Relay Therapeutics, Inc. (NASDAQ:RLAY) is a clinical stage developer of precision medicines, that is, they are discovering medicines using supercomputers, as Evaluate phrases it. They have a platform called Dynamo, which, they say in their 10-K, uses “computational and experimental approaches designed to drug protein targets that have previously been intractable or inadequately addressed.” The pipeline looks like this:
Among the company’s lead product candidates are RLY-4008, an oral small molecule inhibitor of fibroblast growth factor receptor 2 (FGFR2), which is in a first-in-human clinical trial for patients with advanced or metastatic FGFR2-altered solid tumors; RLY-2608, a lead mutant-PI3Ka inhibitor protein that targets phosphoinositide 3 kinase alpha; and RLY-1971, an oral small molecule inhibitor of protein tyrosine phosphatase Src homology region 2 domain-containing phosphatase-2 that is in Phase 1 trial in patients with advanced solid tumors. That last program has a tie-up with Genentech, a subsidiary of Roche (OTCQX:RHHBY).

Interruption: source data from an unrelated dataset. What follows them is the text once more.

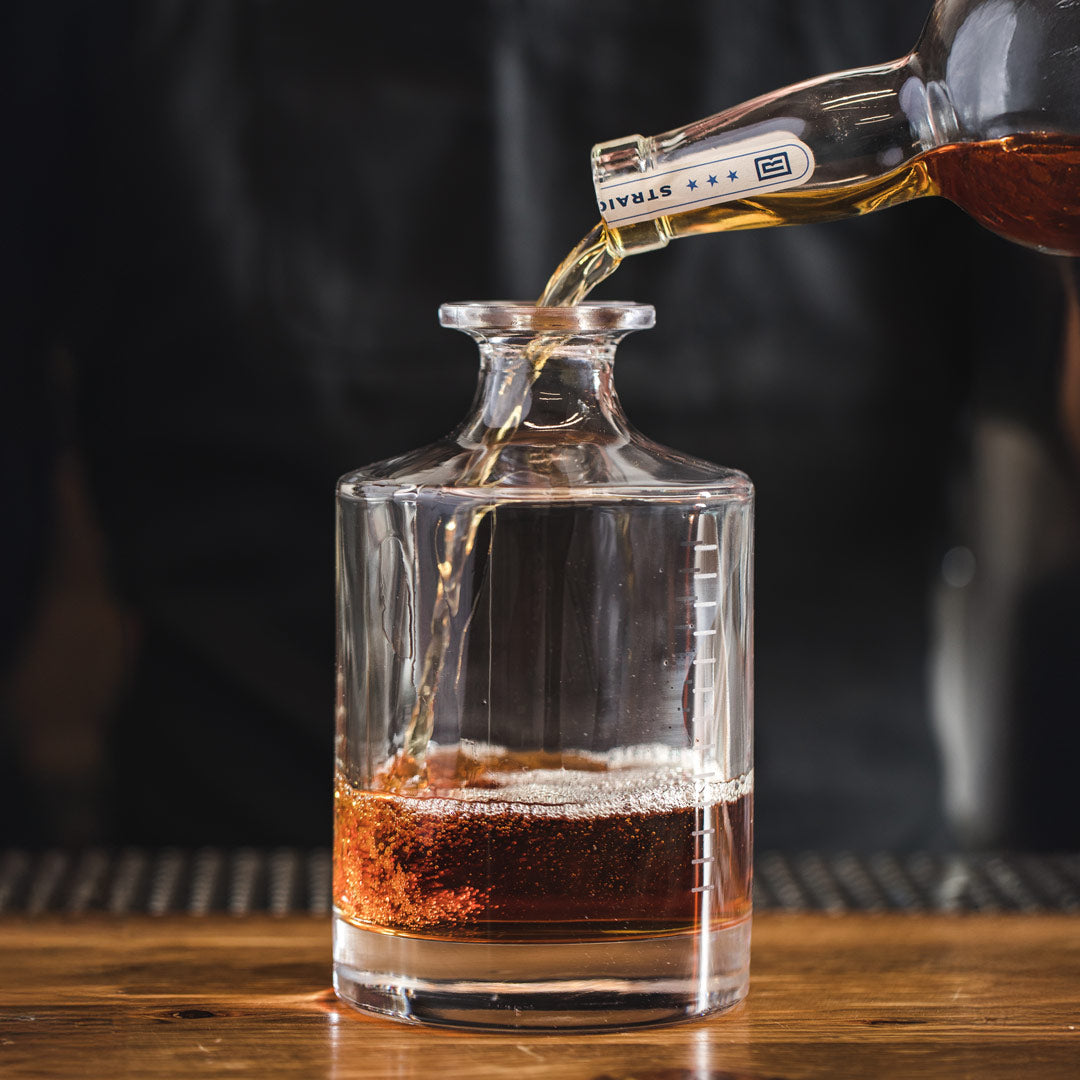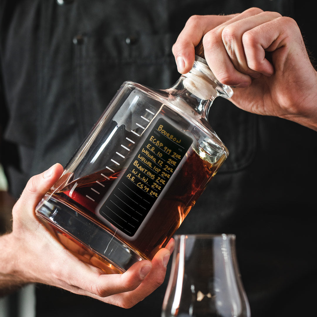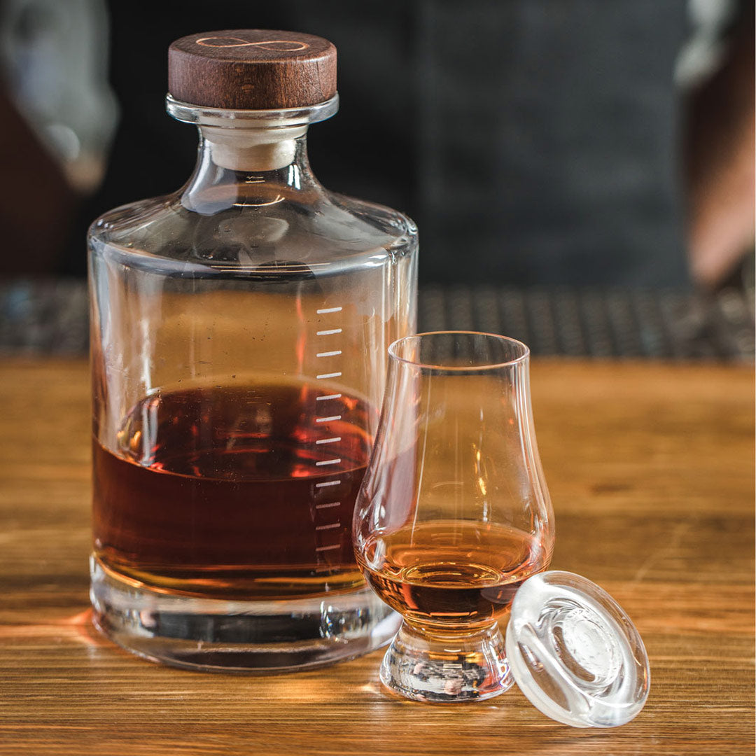 The decanter holds up to 1 liter (34oz) of liquid, and includes subtle engraved markings on one side in approximately 2oz increments. Each decanter is delivered with a label sheet that can be used to keep track of the individual whiskeys in your infinity blend (an oil-based pen is recommended for use on the black labels.) The decanter's stopper is made from one beautiful piece of glass engraved with the symbol of infinity. The decanter includes an additional synthetic cork for a very tight fitting seal. This provides a long lasting, air-tight seal.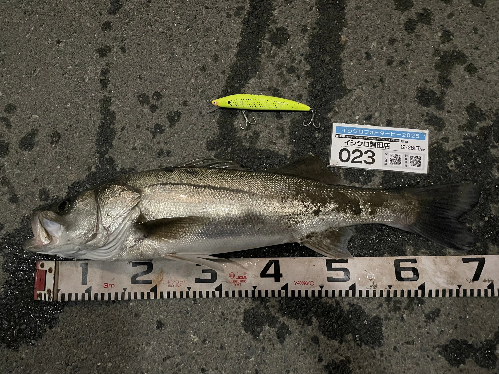 釣行日 2025/11/12 釣行時間 23:00~23:30 釣場 東海 > 静岡西部 > 遠州灘海岸 ポイント 天竜川河口付近 釣り方 シーバスルアー 釣魚 シーバス 釣果 シーバス1匹 サイズ シーバス63cm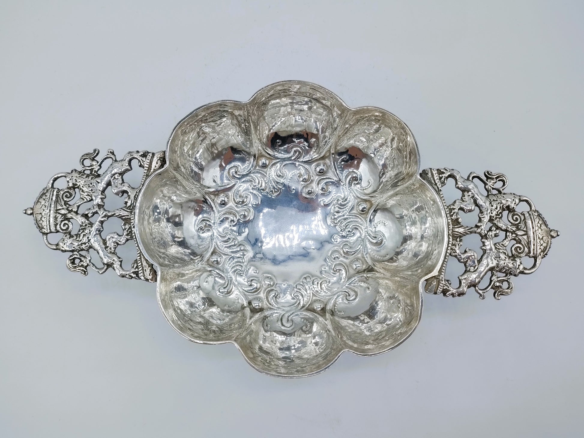Eine museale , geprägte silberne Breischüssel mit Henkeln in Form von kronentragenden Löwen, vermutlich hergestellt vom Silberschmied Jan Kruisweg aus Delft. Er arbeitete bis 1735.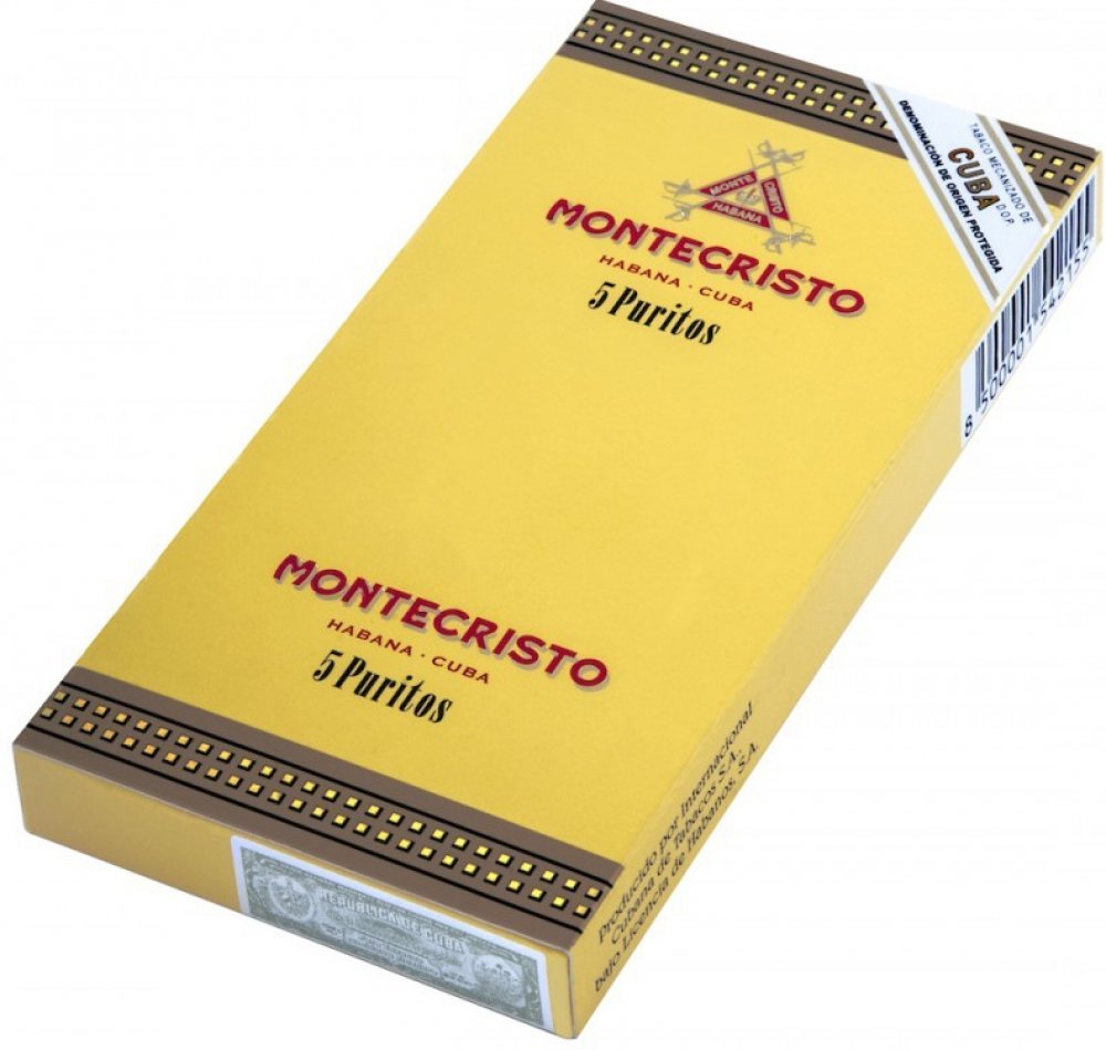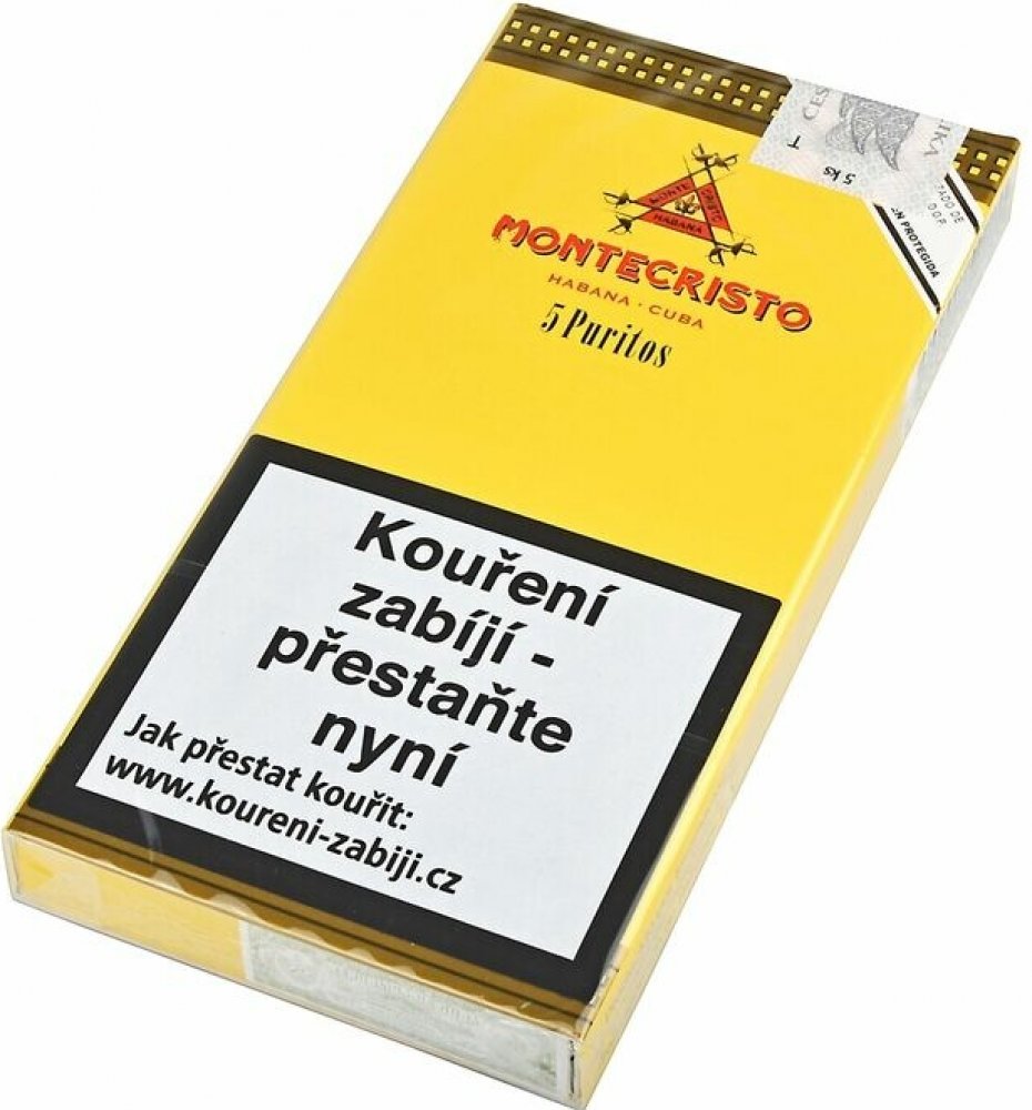 Kubánské doutníky Montecristo Puritos. Malé strojově balené dountíky jsou vyráběné z nejlepších tabáků z oblasti Vuelta Abajo.Puritos je ideální volbou pro krátké pokouření či posezení u dobrého drinku s přáteli. Výborný malý doutníky charakteristický vůní a chutí známou z ostatních doutníků Montecristo. Doba hoření je cca 15-25 minut. Doutníky Montecristo patří mezi jedny z nejprodávanějších kubá...

RLY-4008 is the lead asset here, and it has data. 4008 is targeting FGFR2 in a highly selective manner. Other FGFR inhibitors are pan-FGFR, which creates certain limitations like low target inhibition, low tolerability and low efficacy, per the company:
RLY-4008 is a selective FGFR2 inhibitor. It was developed after the company observed that a certain segment of FGFR1 extends outward more frequently than the same segment in FGFR2. This enabled them to design a highly selective molecule. Interim data one cohort (FGFRi-Naïve Fusion+ CCA Patients at Pivotal Dose (70 mg QD)) from the ReFocus trial, which has a pivotal cohort among the four cohorts (FGFR2-fusion+ CCA without prior FGFRi), showed that 15 out of 17 patients had a treatment response, i.e., this was 88% ORR, where standard pan-FGFR inhibitors have shown less than half that number. The trial showed a 63% ORR across all dosage cohorts – 24 out of 38 patients.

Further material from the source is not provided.